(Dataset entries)

◇ ◇ ◇ ◇

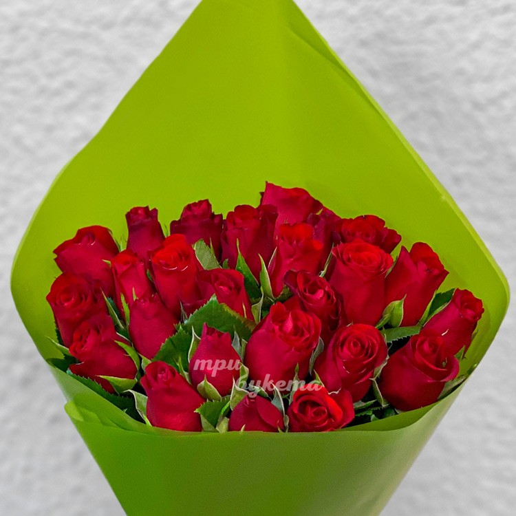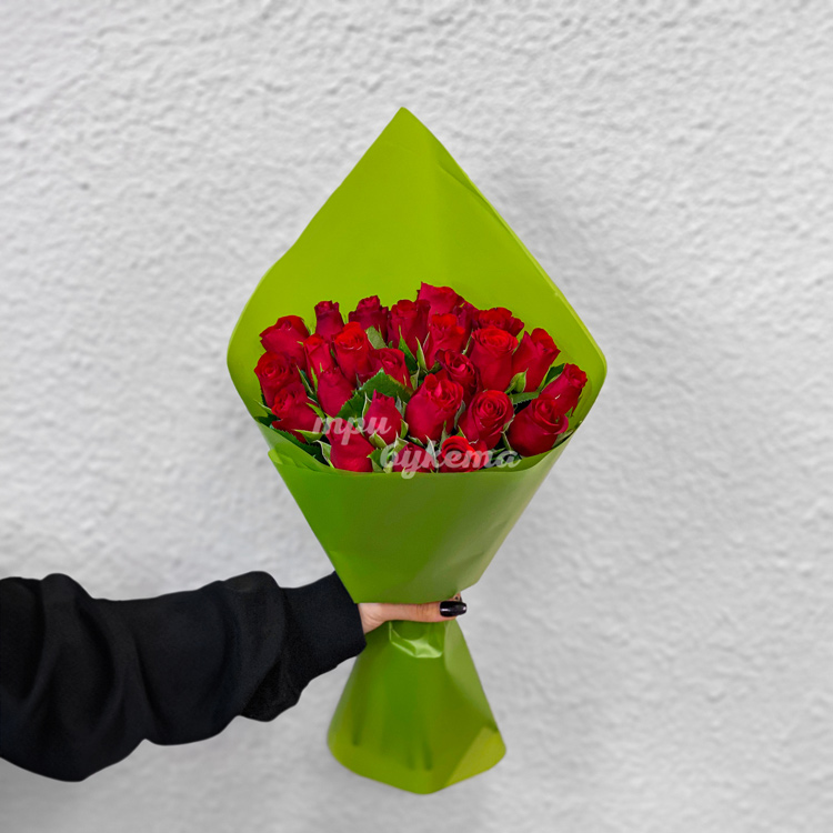Зеленый букет из 25 красных роз
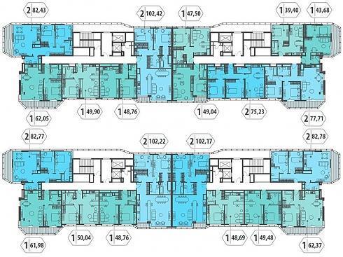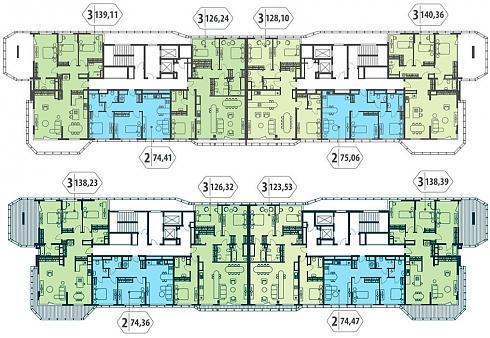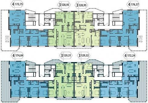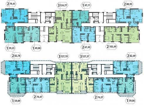 Дальше – больше (вернее – меньше). 1, 6, 7 этажи корпуса С1, и 1, 9, 10 этажи корпуса С2 занимают четыре квартиры:
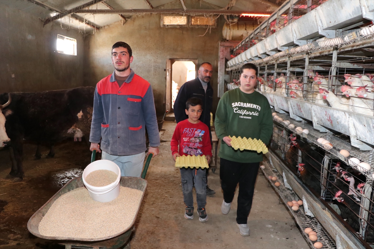 Tavuk sayısını 7 bine çıkaran Ceylan, bakım, besleme, etiketleme ve toplama işlerinde kendisine destek olan çocuklarıyla günlük 5 bin yumurta üretiyor.
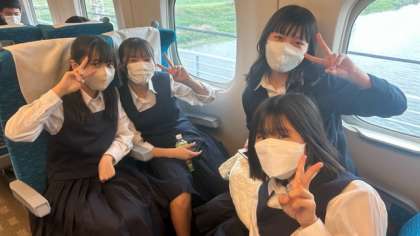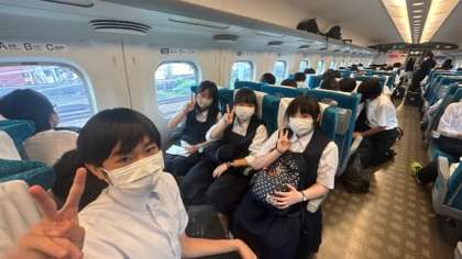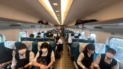 新幹線の車内で
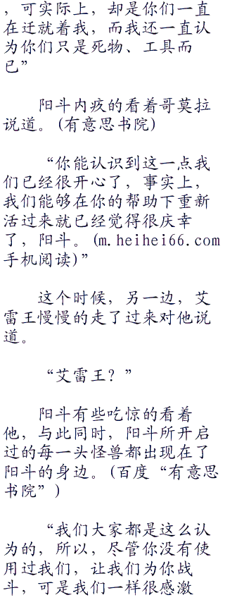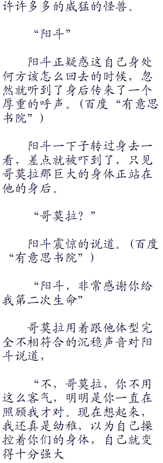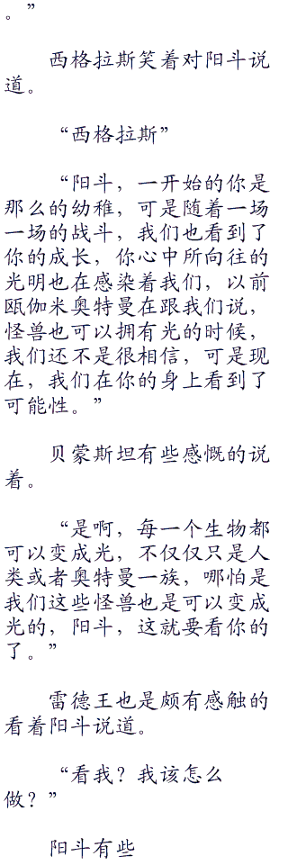 听到这里,阳斗不由得感觉到有些惭愧,他只以为这些怪兽都是死物,只是将力量赋予他的工具,而实力并不强大的西格拉斯自然就不受他的照顾了,没想到他们都是有生命的,被告知了这一点之后,阳斗心里就有些不好受了。
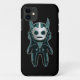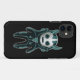 Un alienígena personalizado con cuernos, con un espacio moderno negro y verde azulado. Un pequeño visitante lindo fuera del planeta protegerá tu celular de esos molestos invasores extraterrestres.
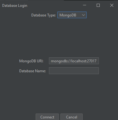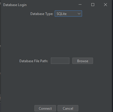 Upon launching the application, you are presented with a selection screen to choose the type of database to connect to. Each database type has its own login interface to capture all necessary connection parameters.
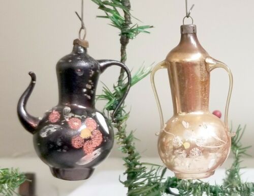 Title (ebay affiliate link): Gold Urn. Black Coffee Pot. Annealed Spout, handles. Two 1930s German Ornaments
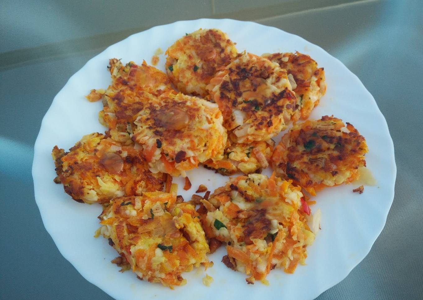 Tortitas de zanahorias, calabacín y queso halloumi
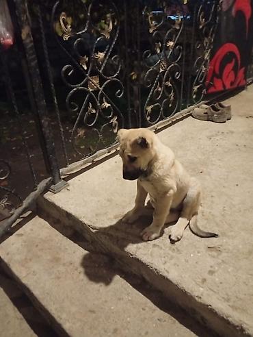 İtaətli və ağıllı balaca it - Cins: qarışıq (orta ölçülü olacaq) - Rəng: krem-qəhvəyi ağ naxışlarla - Yaş: balaca - Akssesuar: mavi yaxalıq və metal asma - Quşaqlı, dik qulaqlar; mehriban baxışlı,...
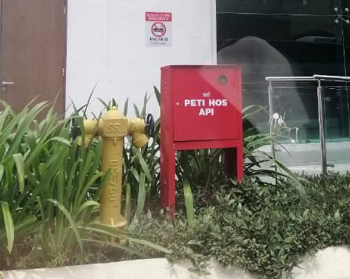 External fire hydrant is an active fire protection measure with the water source provided from the public water service. The fire hydrant system supplies water with sufficient pressure to be delivered through pipes throughout the building to the valve network. The system consists of the water tank, suction piping, fire pumps, and distributed piping system. During a fire emergency, the firefighters will attach a hose reel to the hydrant. It can also be attached to the fire engine to boost the water pressure using an engine pump. The fire hydrant must be in good and working condition with unobstructed access.
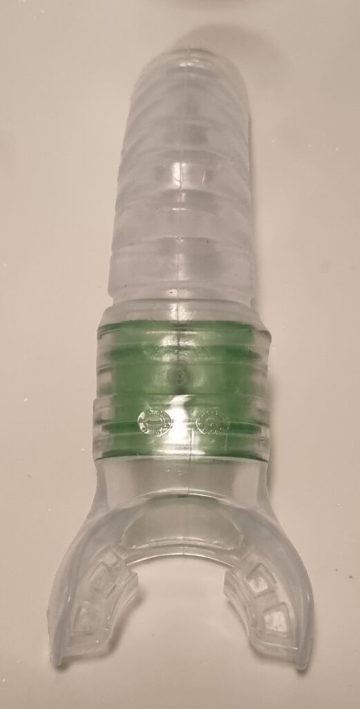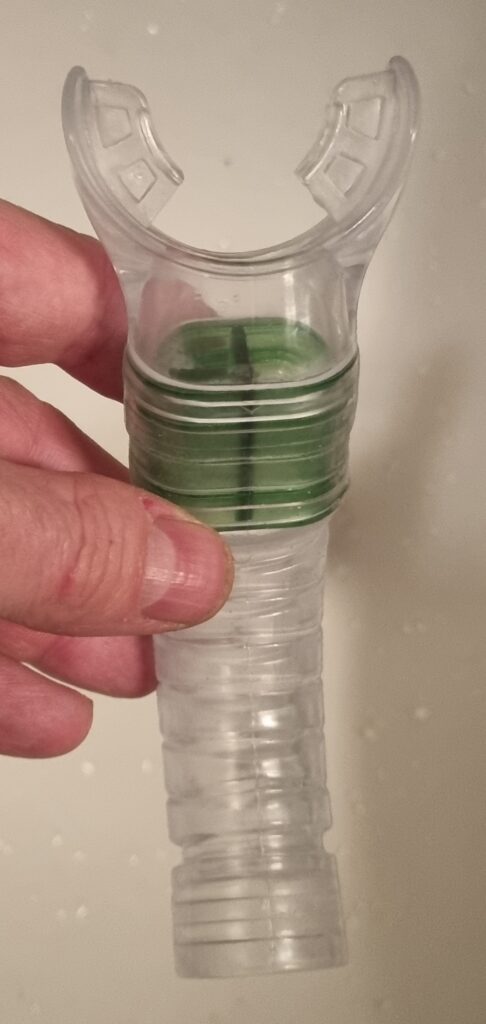 Extra nuts and washers keep Achilles joint in the centre. There is newly made “V-groove” in metal tubing. During experiments there was only thin gap exactly the size of the joint. But when I was walking it sometimes stuck and the wall of bigger steel tube was deformed.
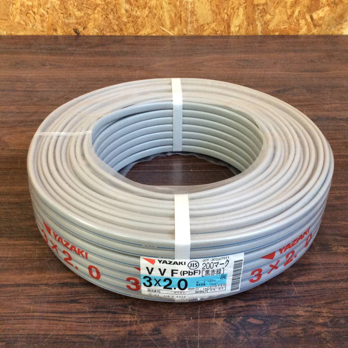 > 【WH-8401】未使用 YAZAKI ヤザキ VVFケーブル 3×2.0mm 2024年製 200マーク 黒赤緑
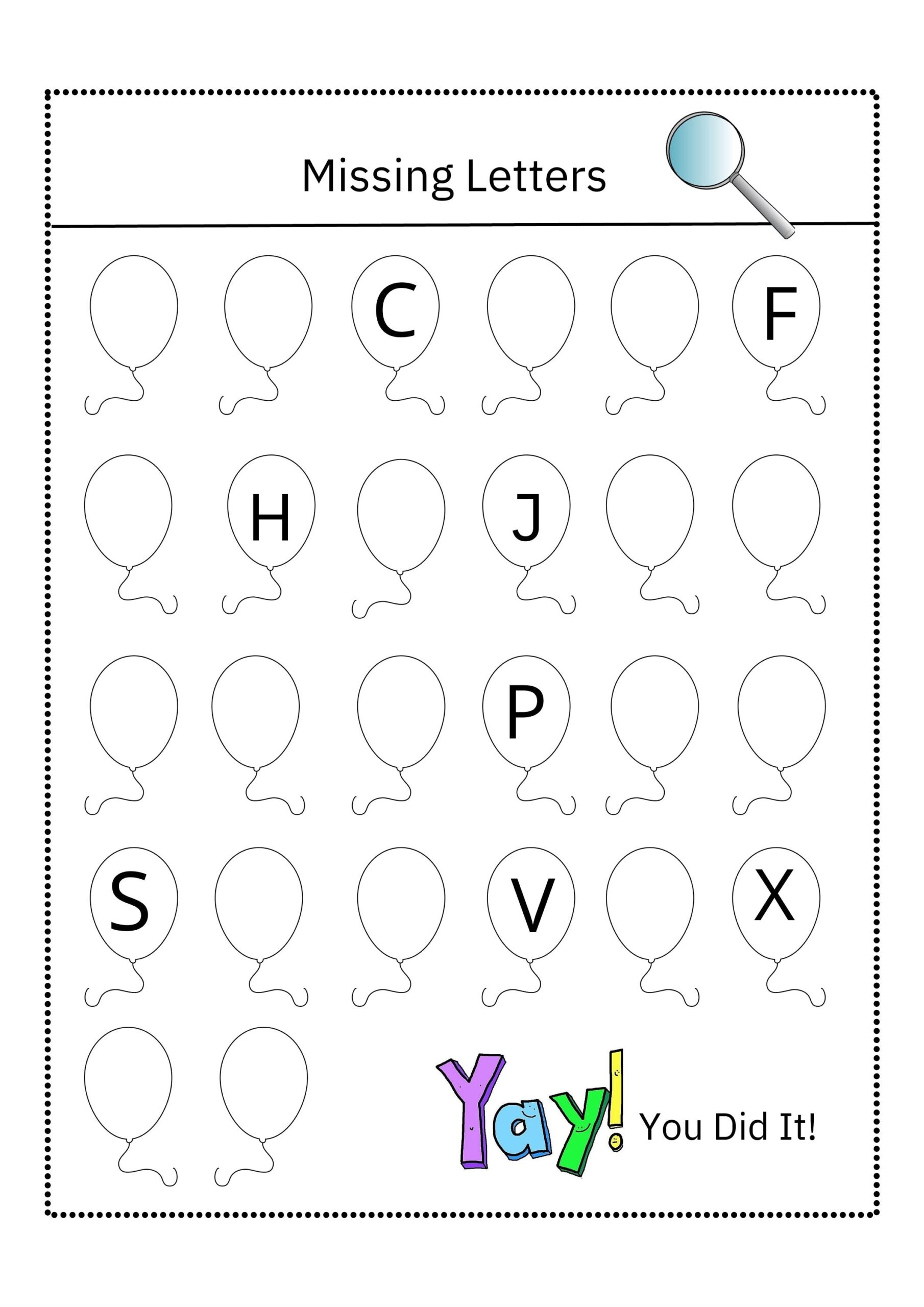 This worksheet provides a hands-on approach to learning the alphabet by allowing children to fill in the missing letters. It’s a great way to reinforce letter recognition and sequencing skills in a playful manner.
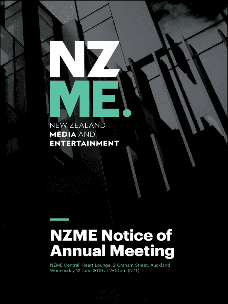 NAME Notice of Annual Meeting NAME Central heart Lounge, 2 Graham Street, Auckland Wednesday 12 June 2019 at 2:00pm (NOT)EXPLANATORY NOTESNZME NOTICE OF ANNUAL MEETINGDear Shareholder, NAME Limited

◇ ◇ ◇ ◇

*Task instructions*: Exactly reproduce each entry, but drop the pictures.

*Task result*:
Зеленый букет из 25 красных роз
 Дальше – больше (вернее – меньше). 1, 6, 7 этажи корпуса С1, и 1, 9, 10 этажи корпуса С2 занимают четыре квартиры:
 Tavuk sayısını 7 bine çıkaran Ceylan, bakım, besleme, etiketleme ve toplama işlerinde kendisine destek olan çocuklarıyla günlük 5 bin yumurta üretiyor.
 新幹線の車内で
 听到这里,阳斗不由得感觉到有些惭愧,他只以为这些怪兽都是死物,只是将力量赋予他的工具,而实力并不强大的西格拉斯自然就不受他的照顾了,没想到他们都是有生命的,被告知了这一点之后,阳斗心里就有些不好受了。
 Un alienígena personalizado con cuernos, con un espacio moderno negro y verde azulado. Un pequeño visitante lindo fuera del planeta protegerá tu celular de esos molestos invasores extraterrestres.
 Upon launching the application, you are presented with a selection screen to choose the type of database to connect to. Each database type has its own login interface to capture all necessary connection parameters.
 Title (ebay affiliate link): Gold Urn. Black Coffee Pot. Annealed Spout, handles. Two 1930s German Ornaments
 Tortitas de zanahorias, calabacín y queso halloumi
 İtaətli və ağıllı balaca it - Cins: qarışıq (orta ölçülü olacaq) - Rəng: krem-qəhvəyi ağ naxışlarla - Yaş: balaca - Akssesuar: mavi yaxalıq və metal asma - Quşaqlı, dik qulaqlar; mehriban baxışlı,...
 External fire hydrant is an active fire protection measure with the water source provided from the public water service. The fire hydrant system supplies water with sufficient pressure to be delivered through pipes throughout the building to the valve network. The system consists of the water tank, suction piping, fire pumps, and distributed piping system. During a fire emergency, the firefighters will attach a hose reel to the hydrant. It can also be attached to the fire engine to boost the water pressure using an engine pump. The fire hydrant must be in good and working condition with unobstructed access.
 Extra nuts and washers keep Achilles joint in the centre. There is newly made “V-groove” in metal tubing. During experiments there was only thin gap exactly the size of the joint. But when I was walking it sometimes stuck and the wall of bigger steel tube was deformed.
 > 【WH-8401】未使用 YAZAKI ヤザキ VVFケーブル 3×2.0mm 2024年製 200マーク 黒赤緑
 This worksheet provides a hands-on approach to learning the alphabet by allowing children to fill in the missing letters. It’s a great way to reinforce letter recognition and sequencing skills in a playful manner.
 NAME Notice of Annual Meeting NAME Central heart Lounge, 2 Graham Street, Auckland Wednesday 12 June 2019 at 2:00pm (NOT)EXPLANATORY NOTESNZME NOTICE OF ANNUAL MEETINGDear Shareholder, NAME Limited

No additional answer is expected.